2.2.2.2. Size-Congruent (C) vs. Size-Incongruent Small (IS) and Large (IL) Objects:
For D.F., the 63 real objects (and 63 matching 2-D images) were divided into three equal sets of 21 different exemplars. Within each set, one third of the exemplars were C, one third were IS, and the remainder were IL. Each set was displayed once in each display format. D.F. viewed the three sets of exemplars first as real objects, across three consecutive blocks. She then viewed the same exemplars as 2-D images in three consecutive blocks, for a total of 126 trials. D.F. completed the experiment in ~4 hrs. For J.W, the 210 real objects and 210 images were divided into six equal sets of 35 different exemplars. Within each set, one third of the exemplars were C, one third were IS, and the remainder were IL. Each set was displayed once in each display format. Three sets of stimuli were presented to J.W. across two separate testing sessions, with the real objects presented first, followed by 2-D images. In each session, the sets were viewed in consecutive blocks of trials, for a total of 210 trials per session. J.W. took ~5 hours to complete each session. All stimuli were presented binocularly with fixed-head position.

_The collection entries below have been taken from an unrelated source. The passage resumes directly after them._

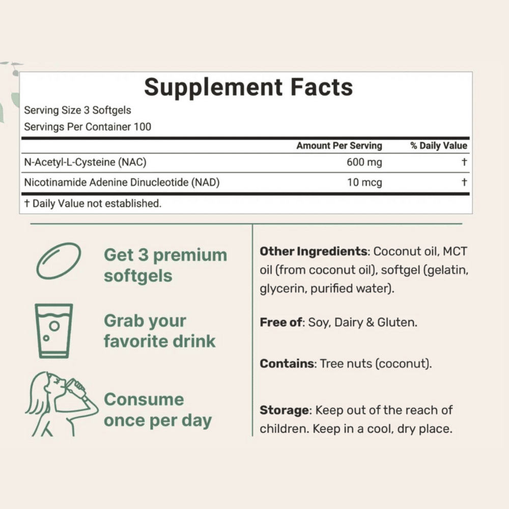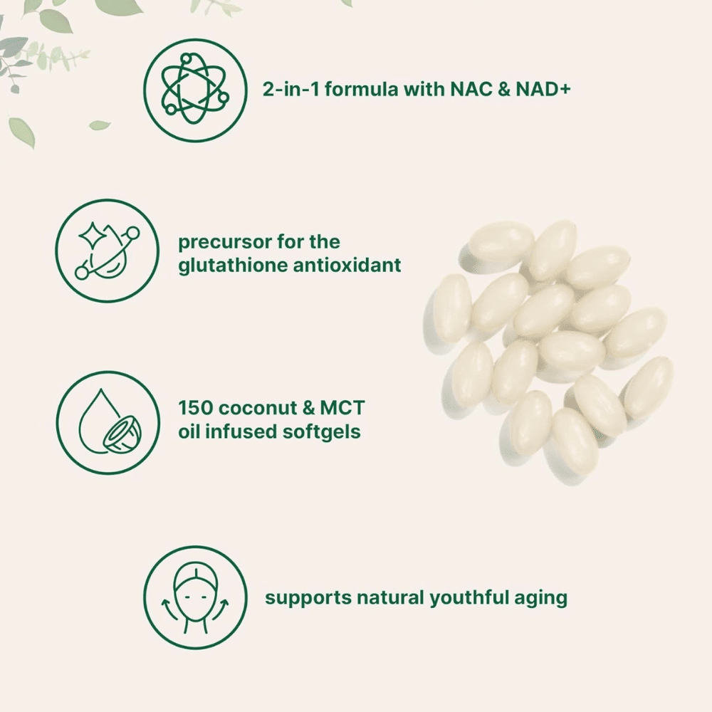 Cápsulas blandas que combinan NAC 600 mg con NAD+ en una base de aceite MCT de coco para una absorción optimizada.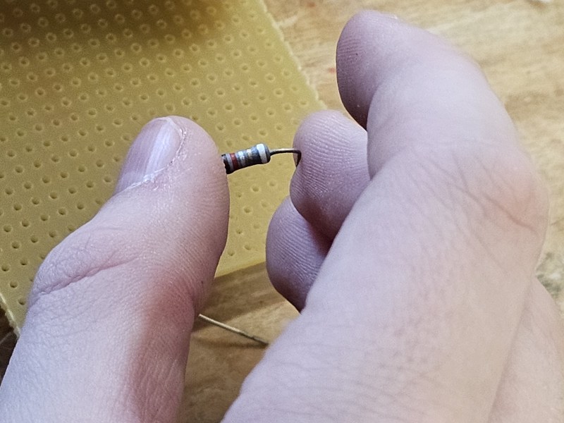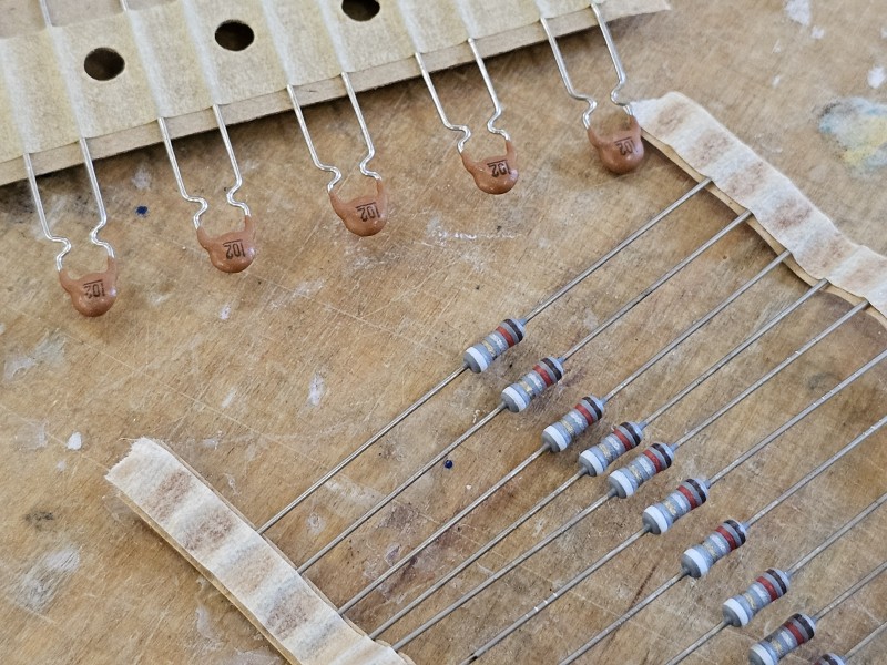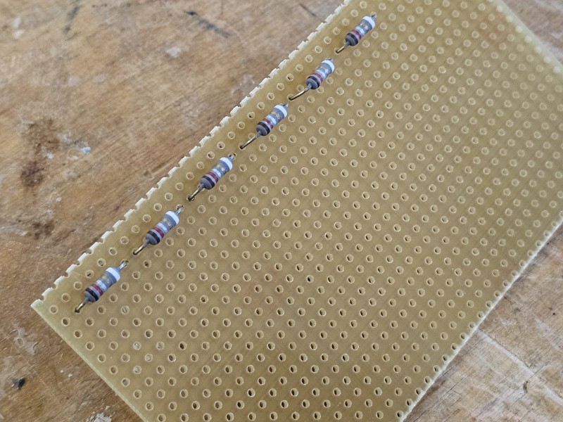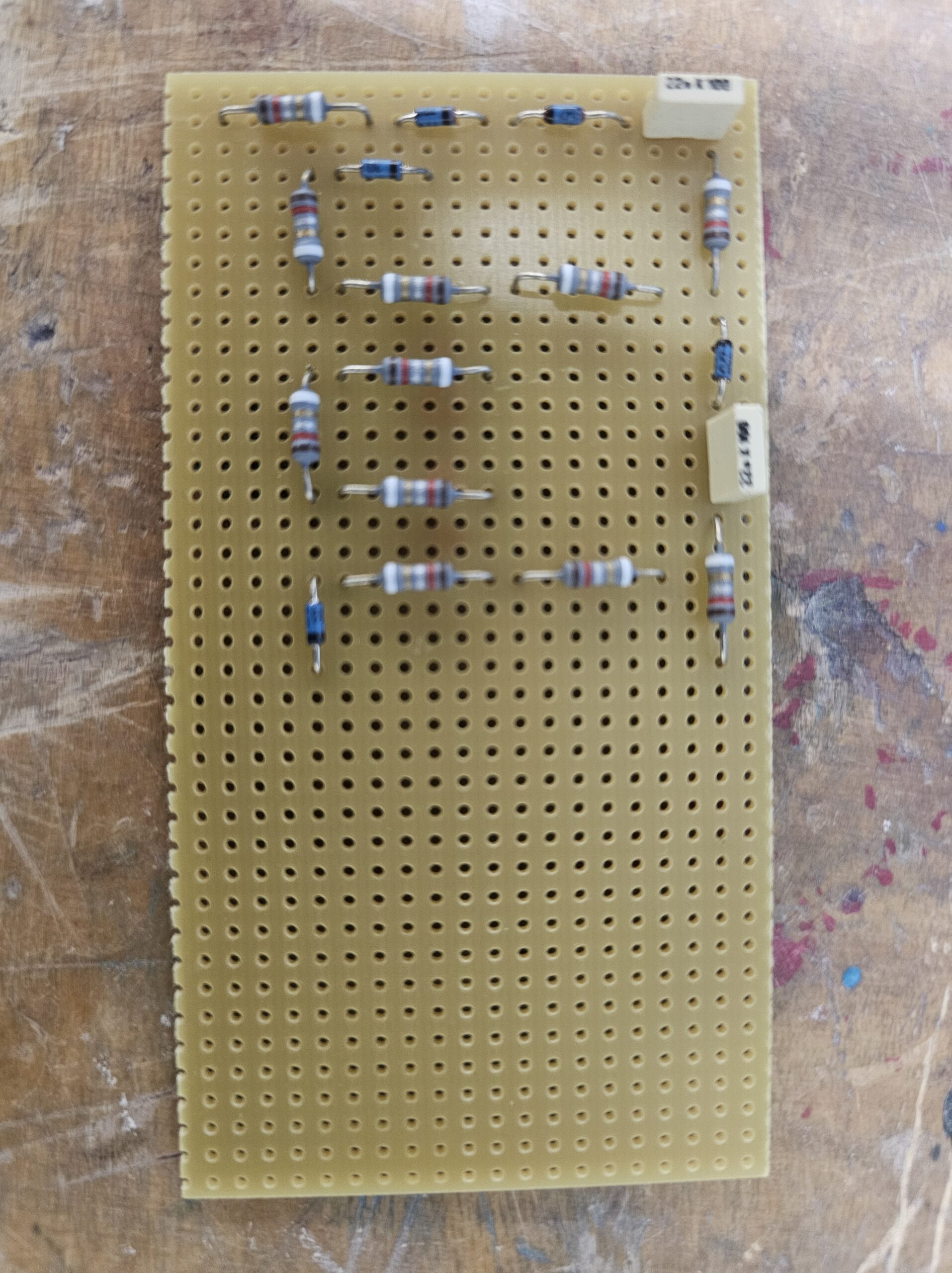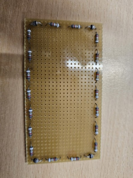 Als erstes Werkstück stand eine Platine auf dem Programm, wo noch nicht die Funktion im Vordergrund stand sondern aus verschiedensten Elektronikbauteilen ein Muster zusammengesetzt und gelötet werden sollte.
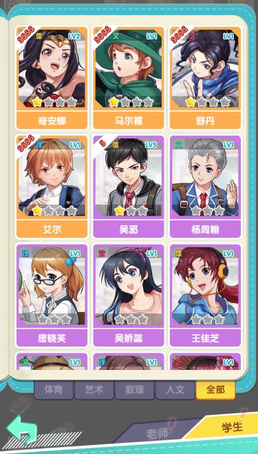 老师也有自己的学科,他们会为这一学科的所有学生提供加成,老师等级越高,提供的加成就越高。名师可以提供2门学科的加成,不过抽到的概率很低。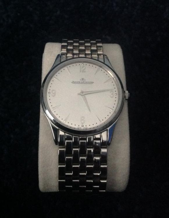 Dave R Posted August 23, 2017 Report Posted August 23, 2017 Had my JLC Master Ultra thin sent to be serviced in July, and while that was being done thought I'd have a JLC SS bracelet fitted. I was told it could take up to October before everything was done, but I'm pleased I received it today and it looks brand new, although the bracelet is. Now I was happy with the brown leather strap that was originally on my JLC, but much prefer the look of their bracelet, and it looks even better in real life. This SS bracelet does make the watch heavier, but it's still extremely comfortable. Anyway for comparison the first photo is of a master UT ( not mine ) with a brown strap, and others of my JLC with that bracelet.? 4

2.2.2.3. Geometric Shapes:
For patient D.F., the 12 geometric shapes were each presented as real objects first, and then as images, for a total of 24 trials. For patient J.W., the 24 stimuli were presented across two separate testing sessions. In each session, patient J.W. viewed the real objects first, followed by the corresponding 2-D image trials. The experiment took D.F. ~1 hr to complete, and J.W. ~ 2 hrs to complete. All stimuli were presented binocularly with fixed-head position. Both patients were informed that the stimuli were common geometric shapes.
2.2.3. Data Analysis
For both patients, reaction times (RTs) were long and highly variable in all experiments and so our analyses focused on naming accuracy (% correct) and the proportions of errors on incorrect trials. Digitized recordings of naming responses on each trial were analyzed using Audacity software. RT was measured as the point of initial inflection of the digitized sound waveform when a verbal word response was produced. Incorrect responses were defined as trials in which the object was named incorrectly. For the analysis of errors we examined the types of responses that were produced when the target objects were misidentified. ‘Small Errors’ were defined as responses in which the target was misidentified as another object that is typically small in size (i.e., fork, pen, toothbrush). ‘Large Errors’ were defined as responses in which the target was misidentified as another object that is typically much larger (i.e., dresser, airplane, house). If the patients are more sensitive to the identity of objects whose physical size reflects real-world size, then there should be a higher proportion of Small (versus Large) Error responses for C than for I stimuli. Analyses on the accuracy and error data were performed using parametric (t-tests), and non-parametric tests (Cochran’s Q, Wilcoxon, Chi-squared) in which objects were treated as the random factor in the analysis (Chainay & Humphreys, 2001). All statistical tests were two-tailed, except for the Fisher’s Exact tests in analysis of errors, which were one-tailed.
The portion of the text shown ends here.